I.
Stone crumbles to powder. All is dust, gold dust within her sight. In the wake of the Great Sept's explosion, the wind becomes thick, laden with numberless specks of rubble. At the height of her tower, Cersei stands, observant. She enjoys the roughness of the air grazing her throat, the caustic touch against her lungs. The scene is dazzling as it unfolds – it elates her, fills her mind with an unvisited sort of peacefulness. Her eyes, bright green ignited, burn half-intoxicated with the sheer, splendid horror of it.
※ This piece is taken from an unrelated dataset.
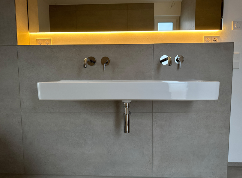 - barrierefreie Tageslichtbäder mit Großformatfliesen 120 x 60
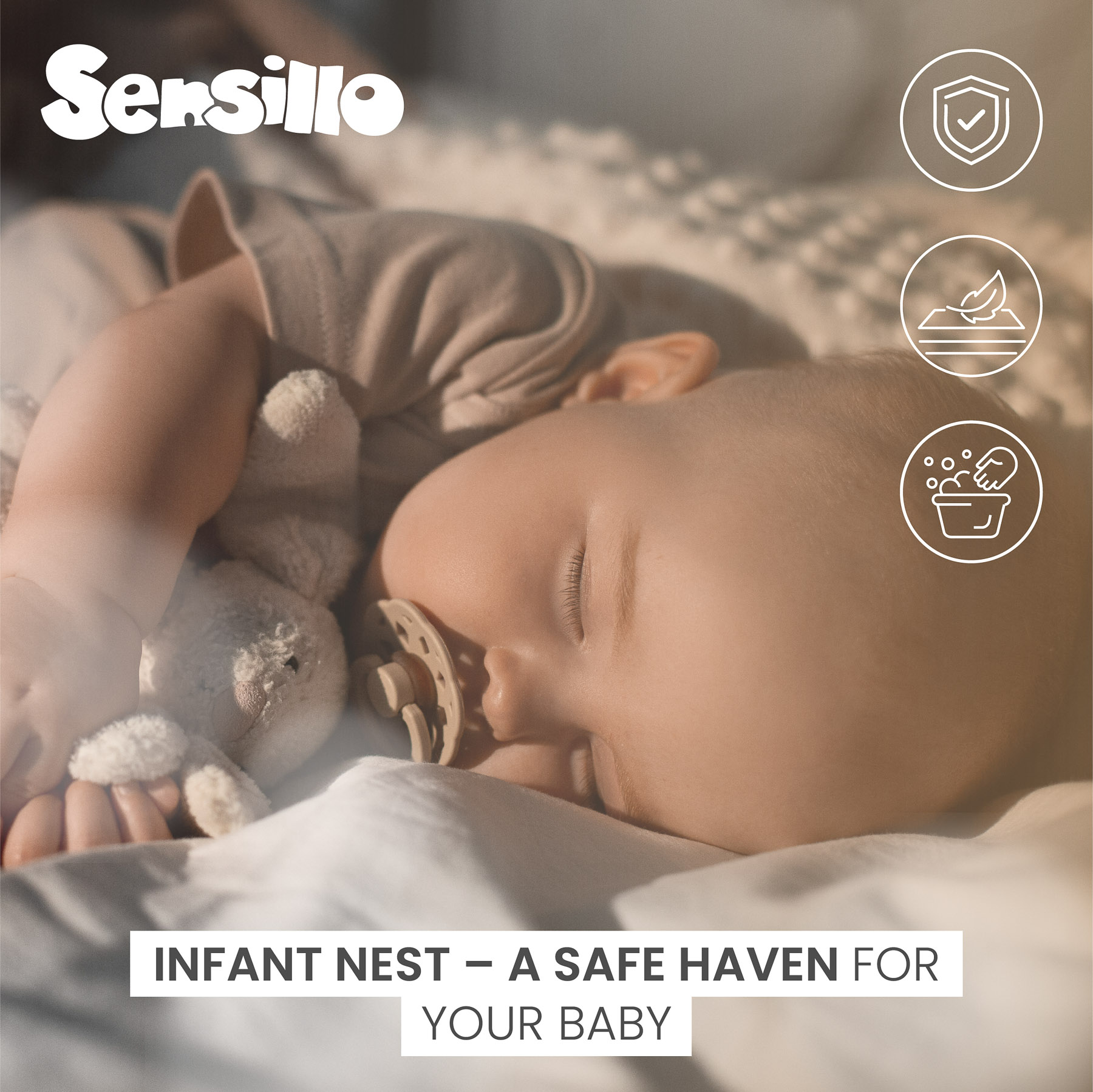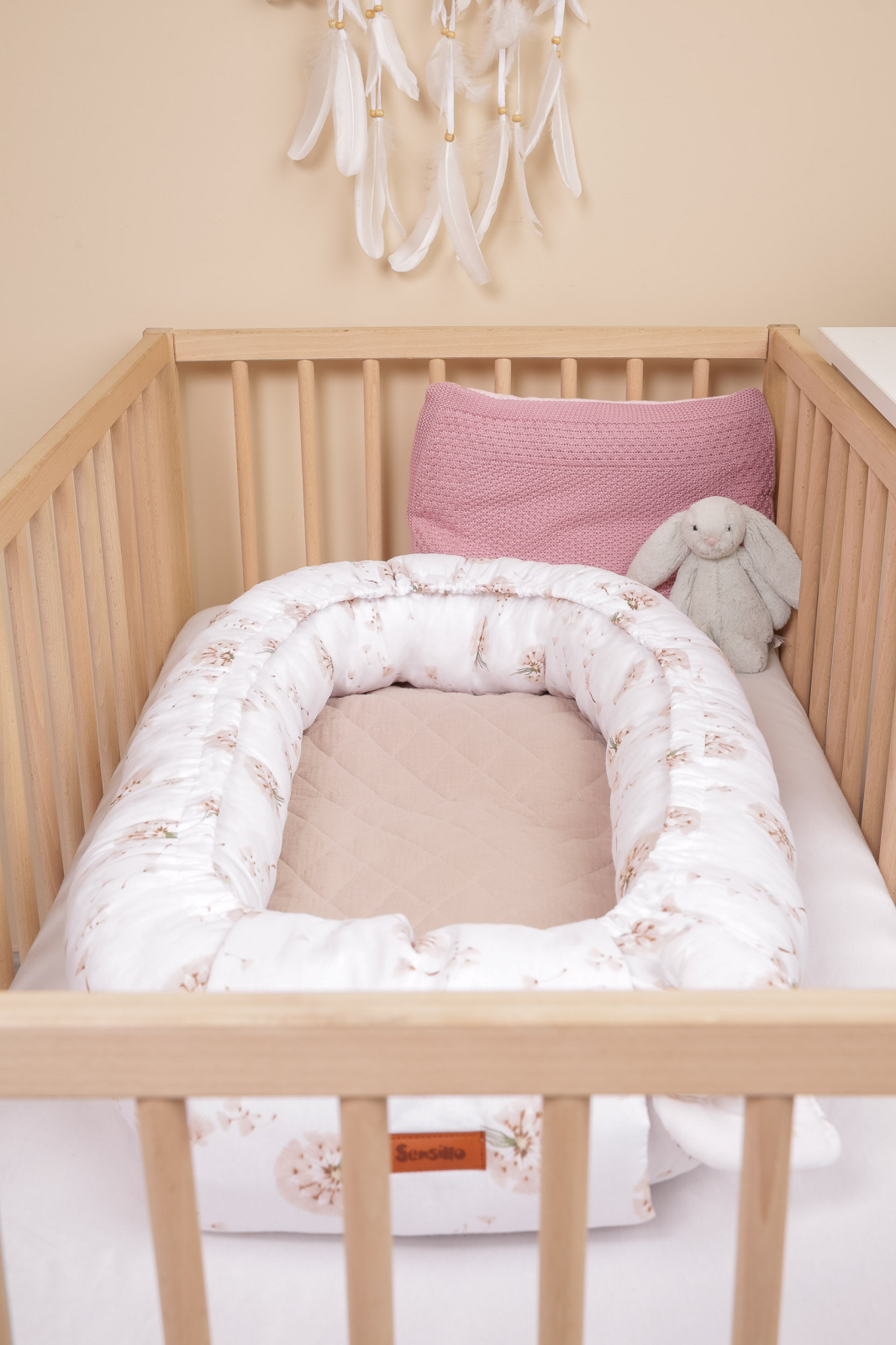 Marginile inalte protejeaza bebelusul impotriva rostogolirii sau caderii accidentale. Umplutura antialergica din bile de silicon si materialele delicate, prietenoase cu pielea sensibila a nou-nascutului, contribuie la un mediu sanatos si un somn linistit.

There had been former glimpses, she recalls. They had been there for years. She would have visions of flames and charred stone and dismantled cities. Perhaps these scenes had become engrafted in the filaments of her eyes, imprinted after the countless frames that slithered through her consciousness. Or perhaps they had been engraved into her fate ever since the very dawn of times, woven into the threads, the very gist of her. Her mind would drift toward strange thoughts, borrowed reminiscences of mad fools consumed by the fire in their minds. She had seen something like them in the murkiest, innermost corners of her, and it had terrorised her.
Her hand rests upon the balustrade as she inhales the corrupted air. These ghosts of old hold little interest for her, now. She spares no thought for terrors. Tangible fire burns before her gaze and within the cloisters of her skull, blazing and glorious. Flesh roasts and wastes away – there are hints of it amid the smoke. She recalls gilded gardens, then, filled with roses whose scent is rot with sweetness, a prelude to withering. She thinks of soaring little sparrows, soiled to the bone with soot, blood and dirt; of pious hypocrites and sycophants and traitors – of dead gods. An old promise resounds.
"When I am queen, they will burn."
And so, they do.
II.
Cersei sits upon the throne and molten blades threaten to lacerate her. She cares little, for she is untouchable. No steel shall mar her skin, no iron shall break her. Her eyes are fiery with pride, cheeks flushed with the heat of her. From afar, Jaime watches her ascend, an apotheosis consecrated with fire and the ashes of their immolated son. His gaze is spectral upon her, a touch fainter than a whiff of wind. There is no warmth in it.
Her coronation is brief – not a moment longer than it ought to be. Eager, hurried, the Queen retreats to her room. She longs for her brother, for there is a hunger inside her, a yearning insatiable even by the vastest of fires. A lash of wildfire licks her insides, churning against her innards, leading her body into a fevered state.
As she comes into bed, her skin has the warmth of a lioness' belly. There is fresh sweat upon her, and the droplets dribble onto Jaime's body as her limbs coil around his. He cannot bear to touch her, he thinks.
But she climbs upon his body with a will to devour him. Her hands are deft, and she is all wetness and sweat around him. She is nimble, tainted with despair - selfish. Amid her frenzied motions, she finds her release. It is death – sweet, brief death laced with the seed of him, the worn-out falling of her body upon his. And then silence. A dense silence, punctuated by the disarranged pace of their breath. As she basks in the moments of afterglow, all is dust, gold dust within her sight. A balefire burns behind her eyelids; she inhales the scent of her lover's skin, and lets it burn farther.
She had been born with a death wound, severed from her body – split into a second self. Fire ought to suit her, she thinks. Through ash they should reconcile, these morsels of skin torn apart by fortune. Gods are unclean, after all. Immoral, unseen - a half-tangible humming in the air, an ominous whisper of sin. It should be only fitting for them to leave this world like this: melded into each other's dust. Aerial, untouched – final. No cleanliness in this.